--- EXERCISE DATA ---
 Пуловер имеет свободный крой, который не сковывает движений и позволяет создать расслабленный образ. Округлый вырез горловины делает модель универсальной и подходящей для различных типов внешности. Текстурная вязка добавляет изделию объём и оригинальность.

---

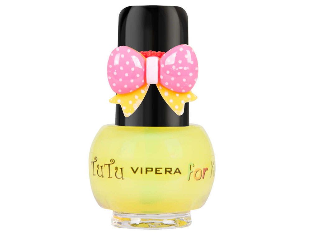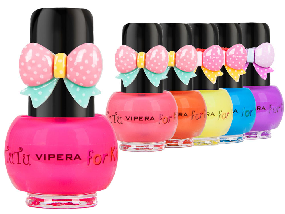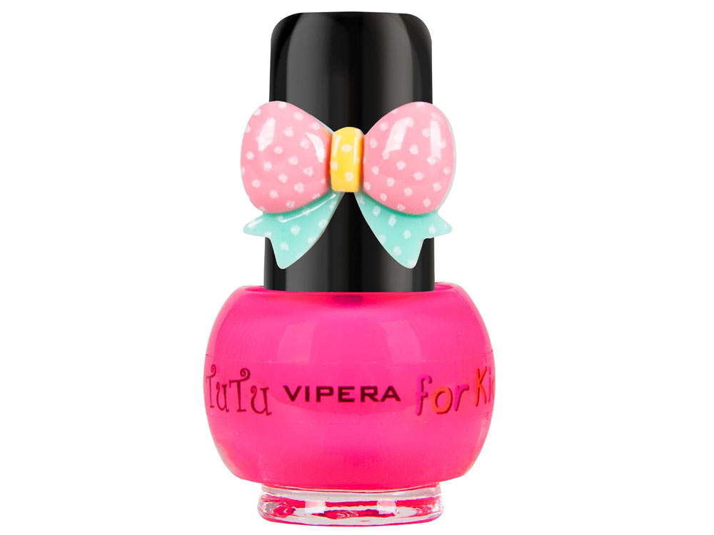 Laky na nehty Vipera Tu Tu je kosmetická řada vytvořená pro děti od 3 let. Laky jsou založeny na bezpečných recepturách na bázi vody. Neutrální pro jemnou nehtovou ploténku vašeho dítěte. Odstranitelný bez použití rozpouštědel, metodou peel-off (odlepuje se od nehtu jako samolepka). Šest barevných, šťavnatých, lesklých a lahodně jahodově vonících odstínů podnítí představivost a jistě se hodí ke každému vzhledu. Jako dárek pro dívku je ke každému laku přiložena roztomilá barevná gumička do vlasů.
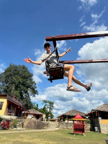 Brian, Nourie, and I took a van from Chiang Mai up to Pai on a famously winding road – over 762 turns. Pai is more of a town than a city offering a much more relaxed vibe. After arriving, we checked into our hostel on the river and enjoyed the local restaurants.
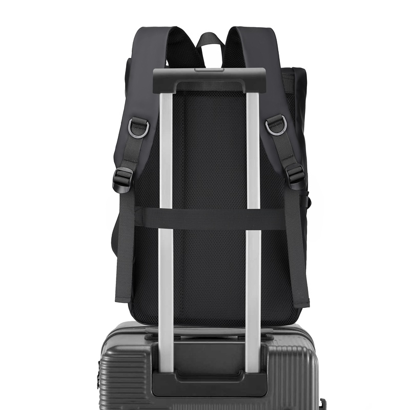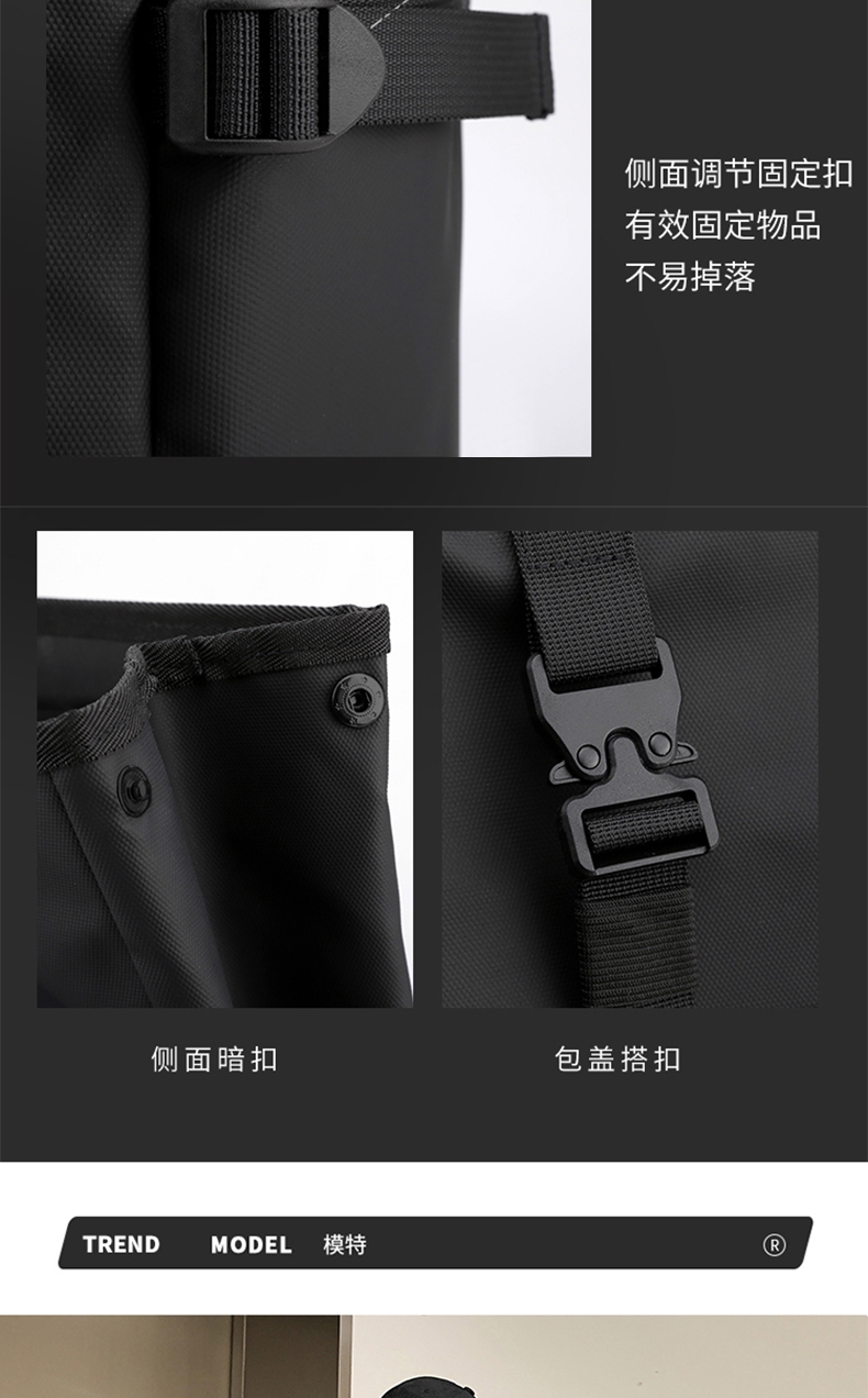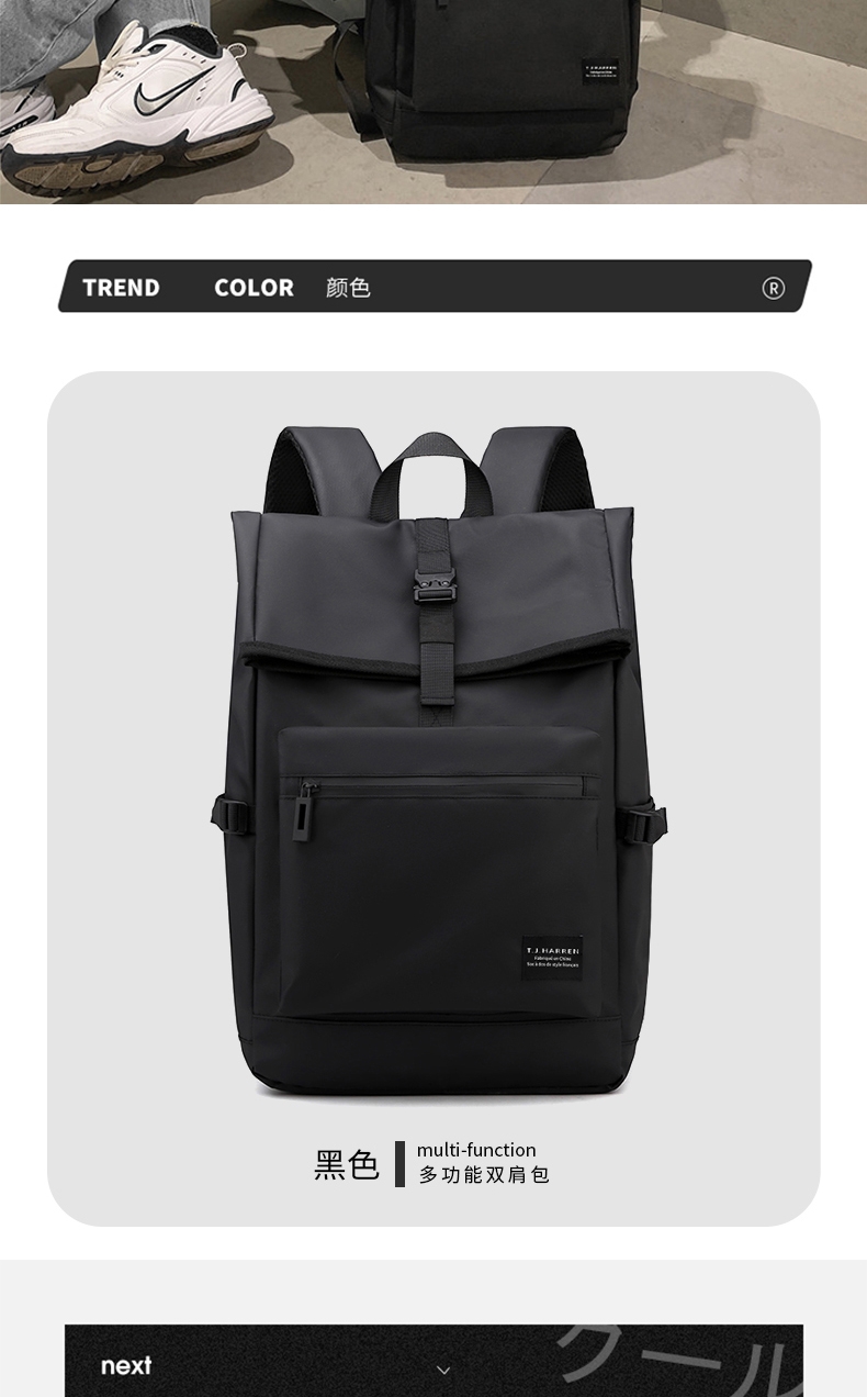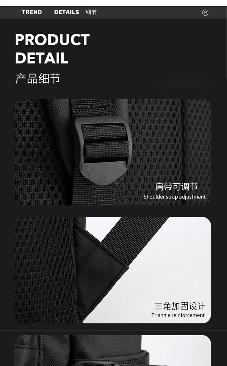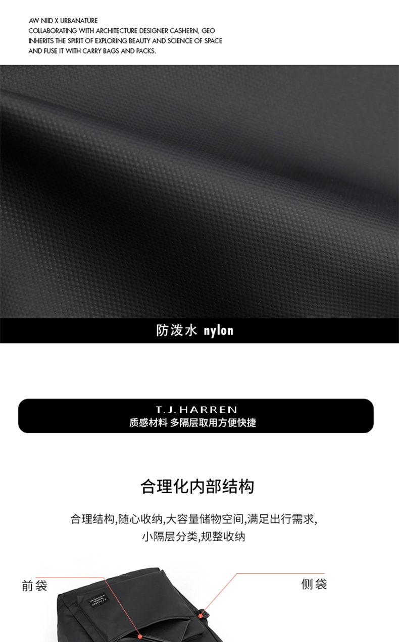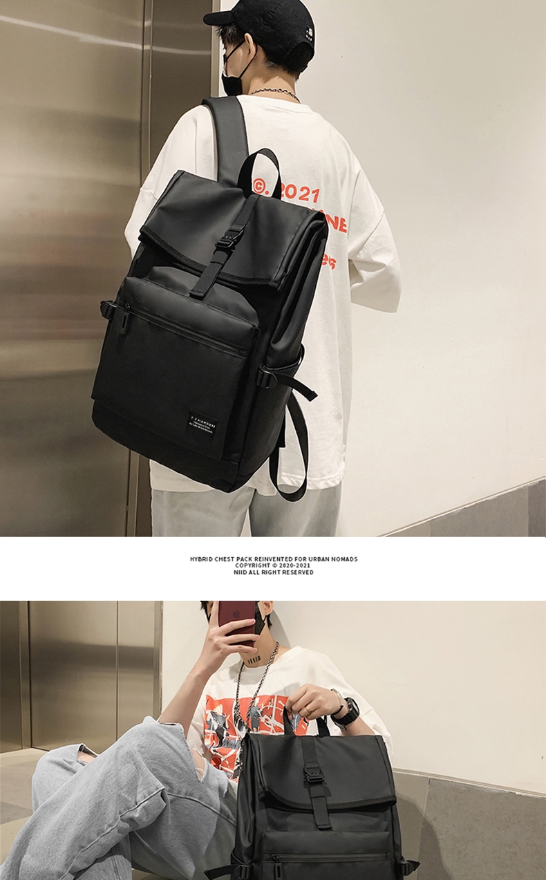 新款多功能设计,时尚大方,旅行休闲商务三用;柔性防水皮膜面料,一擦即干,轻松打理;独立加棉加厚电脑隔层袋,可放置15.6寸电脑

--

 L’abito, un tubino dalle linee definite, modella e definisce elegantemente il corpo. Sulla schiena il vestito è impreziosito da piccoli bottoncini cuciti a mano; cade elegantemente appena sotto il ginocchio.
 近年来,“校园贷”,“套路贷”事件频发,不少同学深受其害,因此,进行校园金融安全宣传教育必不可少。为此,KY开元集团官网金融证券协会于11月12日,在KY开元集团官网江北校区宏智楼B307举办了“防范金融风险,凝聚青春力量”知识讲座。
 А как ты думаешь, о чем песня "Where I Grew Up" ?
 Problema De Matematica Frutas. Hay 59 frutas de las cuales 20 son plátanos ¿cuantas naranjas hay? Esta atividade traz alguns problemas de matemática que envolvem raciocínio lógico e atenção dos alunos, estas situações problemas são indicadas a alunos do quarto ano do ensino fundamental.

--- DIRECTIONS ---
Above this instruction are the records; retype exactly the lines from the one containing "L’abito, un tubino" up to and including the one containing "Problema De Matematica".

--- WRITTEN RESPONSE ---
 L’abito, un tubino dalle linee definite, modella e definisce elegantemente il corpo. Sulla schiena il vestito è impreziosito da piccoli bottoncini cuciti a mano; cade elegantemente appena sotto il ginocchio.
 近年来,“校园贷”,“套路贷”事件频发,不少同学深受其害,因此,进行校园金融安全宣传教育必不可少。为此,KY开元集团官网金融证券协会于11月12日,在KY开元集团官网江北校区宏智楼B307举办了“防范金融风险,凝聚青春力量”知识讲座。
 А как ты думаешь, о чем песня "Where I Grew Up" ?
 Problema De Matematica Frutas. Hay 59 frutas de las cuales 20 son plátanos ¿cuantas naranjas hay? Esta atividade traz alguns problemas de matemática que envolvem raciocínio lógico e atenção dos alunos, estas situações problemas são indicadas a alunos do quarto ano do ensino fundamental.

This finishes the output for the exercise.